Abstract
Purpose
Morphometric analysis of the patella and the patellar ligament is crucial in diagnosing and surgical corrections of knee injuries and patellofemoral joint disorders. Dimensions of the patella and the patellar ligament are frequently used in implant design and ACL reconstruction. This study aims to obtain detailed morphometric data on the patellar ligament and its localization based on gross anatomical dissections in the adult cadavers.
Methods
The present study consisted of 50 lower limbs from formalin-fixed male adult cadavers aged about 70 years (45–85) belonging to the South Indian population.
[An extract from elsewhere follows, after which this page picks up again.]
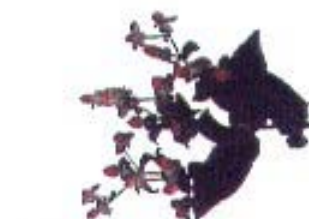
Hypericum 'Pinky Flair'

Total length of the quadriceps tendon, patellar height, patellar ligament height, proximal width, distal width and thickness of the patellar ligament were measured meticulously. Mean, standard deviation, median scores of each parameter were computed for groups using SPSS 16.0. Level of significance was considered as p < 0.05. Wilcoxon signed-rank test was used to compare the various parameters on the right and left limbs. The relationships between all parameters were analyzed using Spearman’s rank correlation test.
Results
There was no statistically significant difference in the various measurements of the patella and patellar ligament between the right and left lower limbs. Patellar ligament length showed positive correlation with ligament thickness (r = 0.36; p = 0.078 for right limb and r = 0.33; p = 0.104 for left limb). Proximal width of ligament showed significant positive correlation with distal width (r = 0.41; p = 0.041 for right limb and r = 0.54; p = 0.006 for left limb).
Conclusion
This morphometric data and analysis might be fundamental in understanding various knee conditions in situ and necessary to orthopedic surgeons for successful planning and execution for ACL reconstruction using patellar ligament graft and other patellofemoral joint disorders.
Level of evidence
I
Keywords: Patella, Patellar tendon, Dimensions, Morphometric, Tendon graft
Introduction
The most common injury at the knee joint, especially in sportspeople, is a tear of the anterior cruciate ligament (ACL). The patellar ligament and quadriceps tendon are commonly used as grafts for ACL reconstruction, surgical revision, and multi-ligament surgery to restore functional stability. The patella is the largest sesamoid bone in the body that develops within the tendon of the quadriceps femoris muscle and is found on the anterior surface of the femoral condyles. It has two surfaces (anterior and posterior), three borders (superior, medial, and lateral), and an apex pointing inferiorly [31]. The patella, also called a knee cap, does not have morphological sex determination; nevertheless, it is one of the few bones in the human body that is resistant to post-mortem changes [25]. The extensor mechanism of the knee consists of the quadriceps muscle group and tendon, the patella, the patellar ligament, the tibial condyles, and the patellar retinaculum [11]. The patellar tendon (patellar ligament) is the central band of the tendon of the quadriceps femoris, which is continued distally from the patella to the tibial tuberosity. It is strong, flat, about 6 cm in length, and is attached proximally to the patellar apex and adjoining margins, while distally, it is attached to the tibial tuberosity [31]. This insertion is oblique and directed laterally. In the procedure of tibial osteotomy, the tibia is cut transversely just above the patellar tendon insertion. Failure to appreciate the obliquity of the tibial attachment of the tendon may lead to an unintended division of the tendon during this procedure, leading to unfortunate consequences [31].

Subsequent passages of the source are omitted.